Seeing it on the map, and really paying attention for the first time to how surrounded the southern cities, villages, and farming communities are by the two Palestinian enclaves, was frankly scary. It's not that I was unaware of the geography (in fact I'll confess that I know the geography of Israel better than that of Canada or the US, which I'll chalk up to an occupational perk); it's rather that the terrifying breach of that dotted line on October 7th and the ensuing savagery starkly highlights the extreme vulnerability of that entire region of Israel to being quickly overrun by rampaging murderers. Being in the city of Be'er Sheva felt like ... being in a city. There's a false sense of security in being embedded among buildings, roads, residential areas, marketplaces, gardens, playgrounds, hospitals, and schools. It feels civilized, and safe. October 7th took that away, and the ongoing unrest in the West Bank, along with the continued discoveries of weapons arsenals and plans for a similar breach there, would make even the most left wing ideologue or peace activist (the majority of the residents of the areas overrun on October 7th) uneasy.

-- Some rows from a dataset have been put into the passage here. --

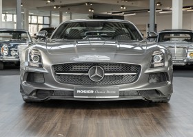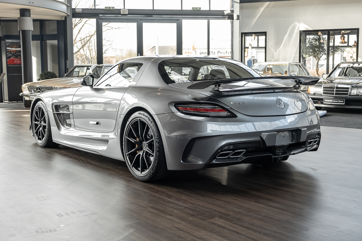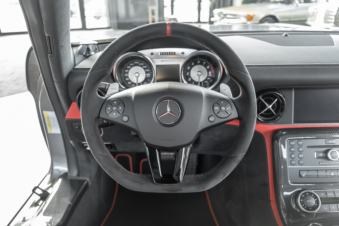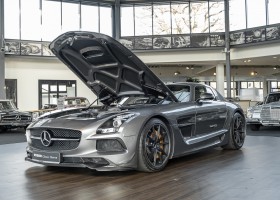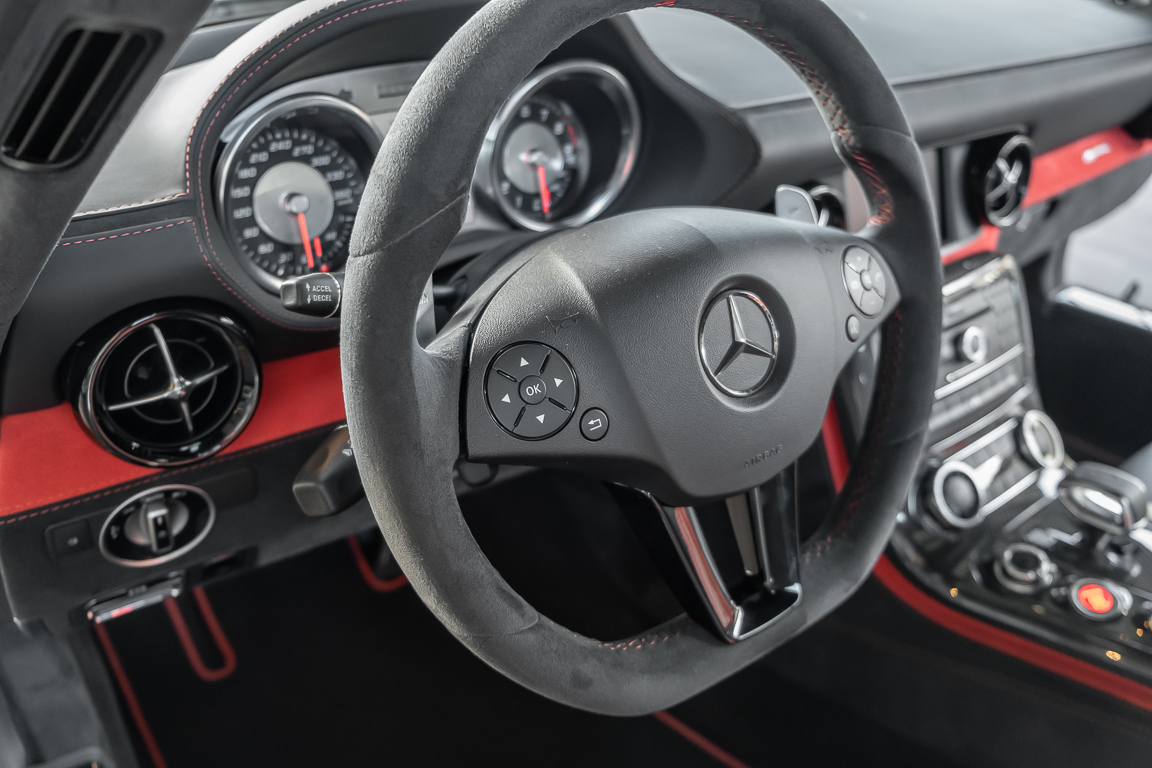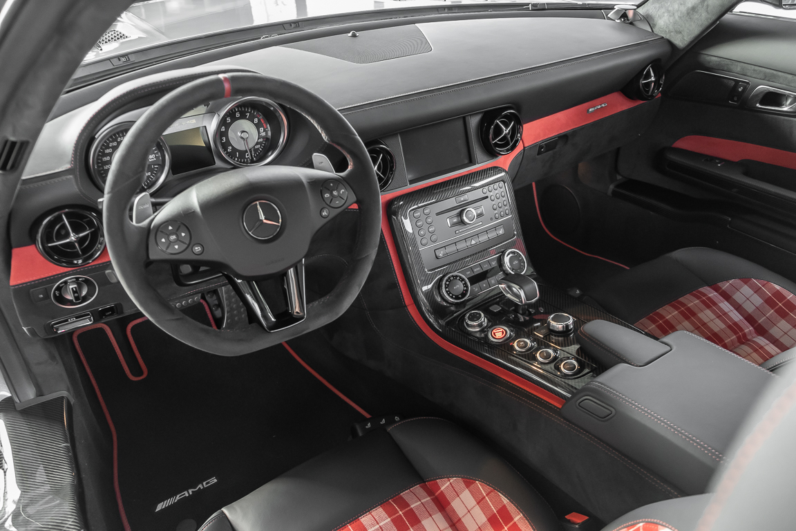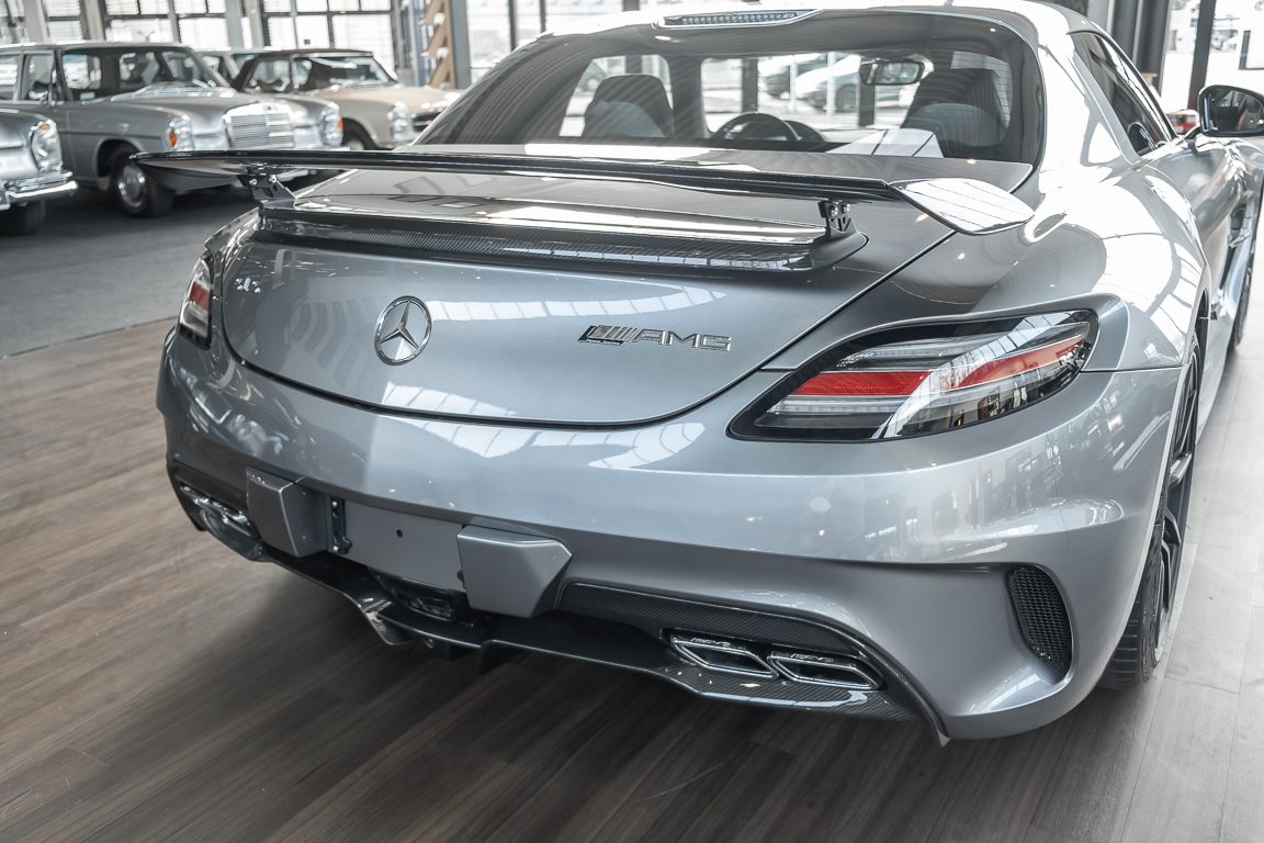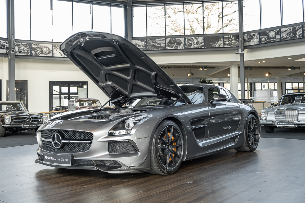 Wir freuen uns, Ihnen diese Sensation anbieten zu können: einen SLS AMG Black Series mit unglaublichen 850 Kilometern Laufleistung! Ein Black Series, dem man ganz ohne Zweifel den Neuwagenstatus attestieren kann – trotz seines Alters von mittlerweile 9 Jahren. Das Fahrzeug besitzt eine deutsche Zulassung wurde aber defakto nur zu Erhaltungsfahrten bewegt. In unserem Hause wurde der Innenraum dieses Flügeltür-Coupés einem sensationellen Finish unterzogen. Mit dem original Karostoff aus dem legendären 300 SL Flügeltürter wurden die Sitze durch unseren Polsterer aufgearbeitet und fügen sich nunmehr perfekt in die rot abgesetzten Details des Innenraums. Ein absoluter Überflieger, dessen Einmaligkeit außer Frage steht. Machen Sie sich ein eigenes Bild und verfallen Sie der Schönheit dieser Sensation!
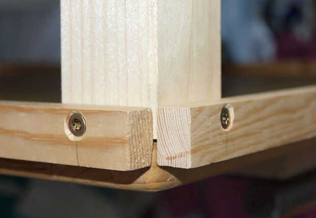 Últimas cosas que hacer es atornillar las madera rayas hasta el final de la parte inferior de las piernas para que la construcción no se resbale de la mesa donde se pone en.
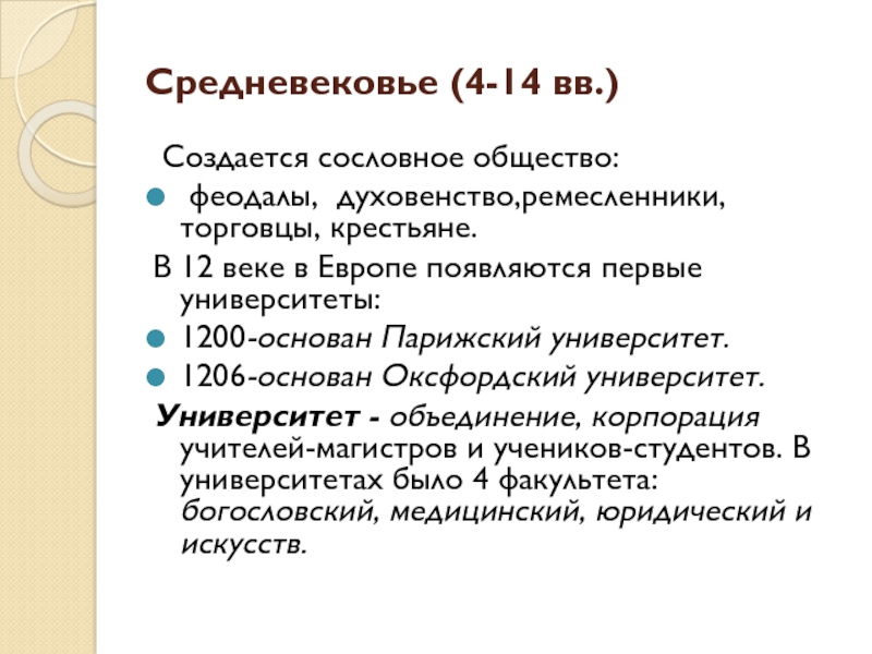 Университет - объединение, корпорация учителей-магистров и учеников-студентов. В университетах было 4 факультета: богословский, медицинский, юридический и искусств.
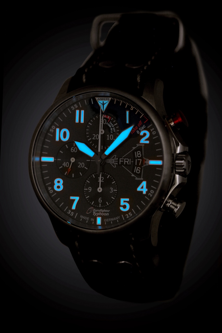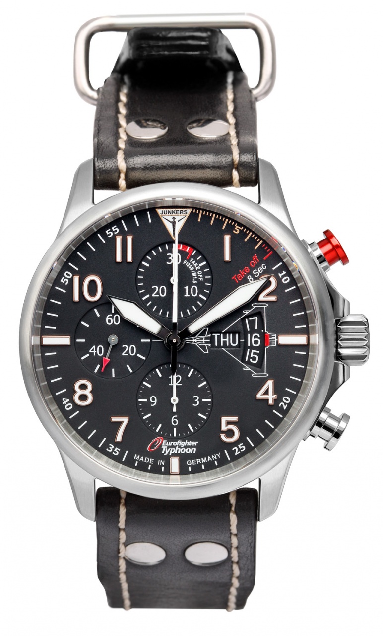 Круглый корпус новинки, изготовленный из нержавеющей стали, диаметром 42,0 мм. На торце защищенной рифленой заводной головки, расположенной на 3 часах, выгравирован логотип бренда Junkers. Пушеры хронографа размещены на 2 (окрашенный красным цветом) и 4 часах. Сапфировое стекло защищает циферблат черного или серого цвета, с накладными арабскими цифрами, покрытыми, как и часовая и минутная стрелки, люминесцентным составом белого цвета, светящимся во тьме голубым светом. На круглой напечатанной минутной шкале, расположенной на периферии циферблата, красным цветом отмечены первые восемь секунд (время, необходимое для взлета многоцелевого истребителя Eurofighter Typhoon). Модель оснащена швейцарским автоматическим механизмом ETA Valjoux 7750, с функциями индикации часов, минут (посредством соответствующих центральных стрелок), секунд (на соответствующем малом боковом циферблате, расположенном на 9 часах, посредством стрелки с красным наконечником), дня недели и даты (посредством соответствующих буквенного и цифрового указателей в прямоугольной и секторной апертурах, расположенных на 3 часах и вписанных в силуэт истребителя Eurofighter Typhoon), а также с хронографом: центральная секундная стрелка, круглый аналоговый 30-минутный счетчик, расположенный на 12 часах (на шкале которого красным цветом отмечены первые 150 секунд - время, необходимое для достижения максимальной скорости истребителя Eurofighter Typhoon - Mach 1,5) и круглый аналоговый 12-часовый счетчик, расположенный на 6 часах).

I re-read this and think of my relatives who follow this blog, so I'll quickly add that my daughter is in a dorm that has a safe room literally 5 steps from her own bedroom, in a gated and guarded community that can only be accessed with the proper ID (and sometimes a bag search as well). The university is also gated and anyone coming into the grounds goes through metal detectors, bag searches, and security guards who closely scrutinize each piece of your ID. That is, in fact, the reality at all of the Israeli universities, and has been for decades. And, as in all of the cities in Israel, wherever you are in the city, you are bound to see armed and uniformed soldiers and police officers walking around among the rest of the population (many of whom are now also armed). I can't say that I don't wish the University of Haifa had an exchange program arrangement with her home university in Canada so that she could have attended here instead of there, but I've made peace with my daughter being there; and given the concentration of the Israeli army in and around Gaza and the West Bank right now, I know she's as safe as possible. But when this war is over, I do wonder how safe the regular residents of the region will feel about staying there.

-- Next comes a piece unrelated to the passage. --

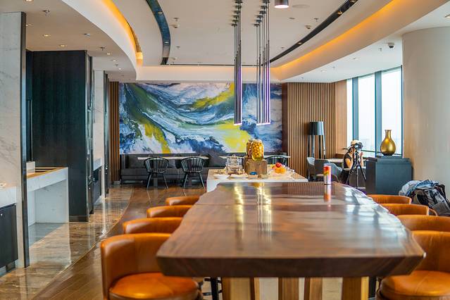 我这次入住的是徐州最高的徐州苏宁凯悦酒店。酒店的建筑外观和室内设计,借鉴了两汉文化和云龙湖,我个人非常喜欢。42层是大堂和大堂酒廊,43层至59层是客房,60层是悦享中餐厅。窗外的视野无敌,不仅能俯瞰不远处的云龙湖美景,晚上窗外美丽的城市夜景,也尽收眼底。在这样的云端酒店里入睡和享受美食,真是一种别致的体验。
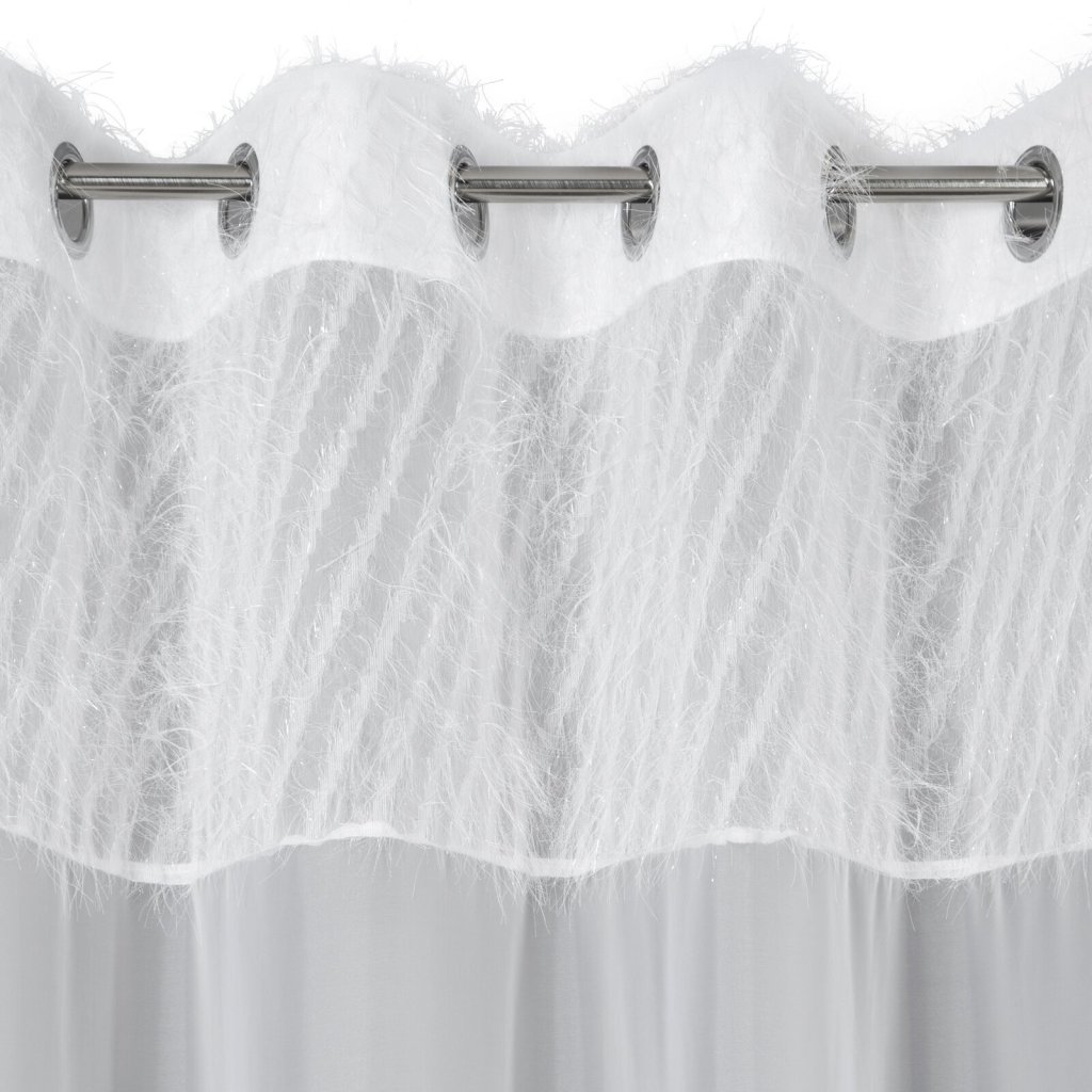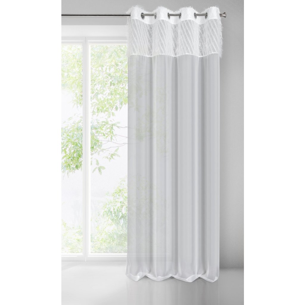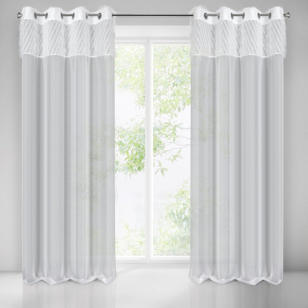 Jemný závěs kombinující široký pás krepového sametu s lehkým voálem spojením látek. Je to velice elegantní a jemná dekorace na okno. šířka: 140 cm, délka: 250 cm, barva: bílá, složení: 100 % polyesterDoplňkové parametry

As for the drive back, well, obviously I'm aware of the war, the bombings, the daily tally of dead Israeli troops and the daily claims from Hamas about how many civilians have been "indiscriminately murdered" by the IDF. But driving out of the city, it was still jarring to be so close to it. I could see clouds of smoke rising from Gaza in the distance. Bottlenecks on the highway were formed periodically by caravans of 16-wheelers transporting damaged tanks and ATVs northward, and as I looked at them and saw the bullet-holes and other signs of heavy use on them, I couldn't help but imagine the young men -- same age as my children -- who had been inside them, who were injured, or who had died fighting in them. It was strange to me that as close as I've been to this war in my head, it had still seemed somehow far enough away from my spot here on the Mediterranean, watching the kayaks -- now stand-up paddle-boarders -- that it was something happening "over there." But then driving alongside tanks, with helicopters overhead and smoke in the distance, I thought of the soldiers at the coffee shop I had just left. I thought about them all the way to Jerusalem. I'm still thinking about them.